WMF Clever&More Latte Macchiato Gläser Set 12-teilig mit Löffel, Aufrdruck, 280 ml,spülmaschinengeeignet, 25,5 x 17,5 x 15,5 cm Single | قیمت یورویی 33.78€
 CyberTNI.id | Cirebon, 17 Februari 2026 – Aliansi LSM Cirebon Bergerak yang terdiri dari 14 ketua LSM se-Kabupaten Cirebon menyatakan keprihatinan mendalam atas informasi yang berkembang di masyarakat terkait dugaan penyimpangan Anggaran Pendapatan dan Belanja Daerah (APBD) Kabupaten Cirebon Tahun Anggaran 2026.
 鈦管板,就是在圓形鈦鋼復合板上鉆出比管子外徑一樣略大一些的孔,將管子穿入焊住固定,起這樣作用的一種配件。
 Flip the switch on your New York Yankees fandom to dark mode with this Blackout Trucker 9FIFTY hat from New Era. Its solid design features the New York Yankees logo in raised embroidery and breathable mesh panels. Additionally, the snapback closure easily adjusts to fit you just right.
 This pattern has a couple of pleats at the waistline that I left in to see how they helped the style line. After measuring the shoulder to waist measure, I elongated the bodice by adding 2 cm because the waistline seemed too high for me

* * *

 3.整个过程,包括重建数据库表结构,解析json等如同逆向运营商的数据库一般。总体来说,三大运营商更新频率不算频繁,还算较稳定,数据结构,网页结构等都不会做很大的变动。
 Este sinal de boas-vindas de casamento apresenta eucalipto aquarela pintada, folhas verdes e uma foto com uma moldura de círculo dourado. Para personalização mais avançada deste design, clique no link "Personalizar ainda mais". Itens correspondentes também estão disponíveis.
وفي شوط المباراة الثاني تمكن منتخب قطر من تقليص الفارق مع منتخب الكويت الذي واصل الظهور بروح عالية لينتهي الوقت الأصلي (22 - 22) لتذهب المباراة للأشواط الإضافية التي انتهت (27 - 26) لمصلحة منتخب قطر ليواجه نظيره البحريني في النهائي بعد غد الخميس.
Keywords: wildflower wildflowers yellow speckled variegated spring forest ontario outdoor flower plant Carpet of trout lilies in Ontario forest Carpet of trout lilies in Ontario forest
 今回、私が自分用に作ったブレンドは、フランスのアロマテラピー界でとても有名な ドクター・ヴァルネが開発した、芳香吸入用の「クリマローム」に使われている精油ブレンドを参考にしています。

EXERCISE DIRECTIONS ::
The answer must be every line of the records that holds the string "design".

SOLVED PROBLEM ::
 Flip the switch on your New York Yankees fandom to dark mode with this Blackout Trucker 9FIFTY hat from New Era. Its solid design features the New York Yankees logo in raised embroidery and breathable mesh panels. Additionally, the snapback closure easily adjusts to fit you just right.
 Este sinal de boas-vindas de casamento apresenta eucalipto aquarela pintada, folhas verdes e uma foto com uma moldura de círculo dourado. Para personalização mais avançada deste design, clique no link "Personalizar ainda mais". Itens correspondentes também estão disponíveis.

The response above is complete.